Senada dengan Ujang, peneliti dari Sustainable Waste Indonesia (SWI), Dini Trisyanti, mengatakan, Indonesia tidak perlu memiliki ketergantungan pada impor plastik jika daur ulang sampah plastik di dalam negeri bisa dilakukan secara optimal.
"Ada data plastik, di Indonesia itu jumlah plastik yang dikonsumsi penduduk ada 5,6 juta ton. Ternyata dari 2,3 juta ton pertahun dipenuhi dari produksi domestik. Ada 1/3 dari impor dan 1/3 dari daur ulang," katanya.
Angka 1/3 untuk pasokan dari ulang plastik tersebut sepertinya cukup besar. Namun angka ini perlu dicermati karena merupakan gabungan dari pos consumers, industrial, dan skrab impor.

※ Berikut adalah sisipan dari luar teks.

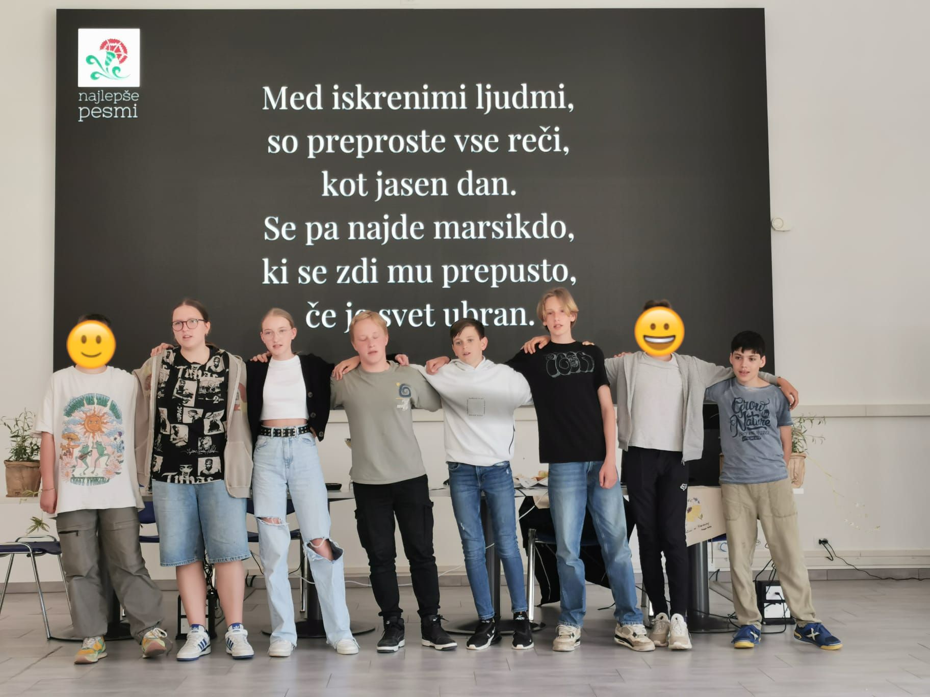 Zjutraj ob 7.50 smo se v avditoriju srečali z drugimi Erasmus študenti. Po nekaj minutah je naš razred odšel v ločen prostor, kjer smo imeli zadnjo vajo za pesem, ki smo jo kasneje predstavili pred delom šole. Nato smo odšli na drugo šolo, kjer smo izdelovali semenske bombice. Preden smo začeli z njihovim izdelovanjem, sta nam dve prijazni učiteljici prebrali zgodbo o življenjskem krogu rastline skozi leto. Ko smo zaključili s tem, smo šli v šolsko telovadnico in sodelovali v interaktivni dejavnosti, kjer smo morali v ekipah tekmovati na poligonu, in upali, da bomo prvi. Naslednjih trideset minut smo preživeli v šolskem parku, kjer smo metali semenske bombice in se družili s prijatelji. Nato smo se vrnili v avditorij in kasneje tudi malicali. Po malici smo se vsi Erasmus študenti zbrali v avditoriju za zaključni dogodek. Ta se je začel z govorom učiteljice, ki je izrazila hvaležnost, da smo bili tam in da smo imeli toliko lepih trenutkov skupaj. Nato je vsaka skupina, vključno z nami, predstavila svojo pesem, ki so jo vadili pretekli teden. Zadnja stvar na zaključni slovesnosti je bila razglasitev zmagovalca tekmovanja za oglaševanje našega projekta. Zmagali smo s tri tisoč glasovi, kar nas je zelo razveselilo. Logotipi drugih skupin so bili prav tako zelo navdušujoči. Na koncu so nas naši gostitelji odpeljali domov na kosilo. (A.)

Sepertinya daur ulang itu besar, tapi harus dicermati, ini gabungan dari pos konsumer, industrial, skrab impor. Pada tahun 2017, SWI melakukan riset. Hasilnya, daur ulang sampah plastik di Indonesia masih kecil, yakni. 0,36 juta ton dari total sampah plastik 5,6 juta ton.
"Jadi kontribusinya 20% dari daur ulang. Ini masih sangat potensial. Jadi gap yang sangat besar dan bisa sekaligus menyelesaikan 2 masalah, bisa mengurangi proporsi impor dan mengurangi sampah yang ke TPA atau lingkungan," ujarnya.
Sementara itu, Direktur Sustainable Development Danone Indonesia, Karyanto Wibowo, menyampaikan, Green Procurement Policy ini merupakan salah satu yang ditunggu-tunggu kalangan industri.
"Ini salah satu intensif sehingga akan kita kembangkan lagi. Kita di Danone-Aqua kita semaksimal mungkin untuk bisa menerapkan konsep sirkular ekonomi di bisnis model kita dengan program kampanye #BijakBerplastik.
Sementara untuk mendukung program pemerintah mecegah masuknya sampah plastik ke laut melalui sungan, lanjut Karyanto, pihaknya pun sangat mendukung dan telah mulai melaukan pencegahan.
"Pelastik masuk lewat sungai, kita pakai alat mencegah, kita akan kembangkan di beberapa sungai setelah Jakarta," ujarnya.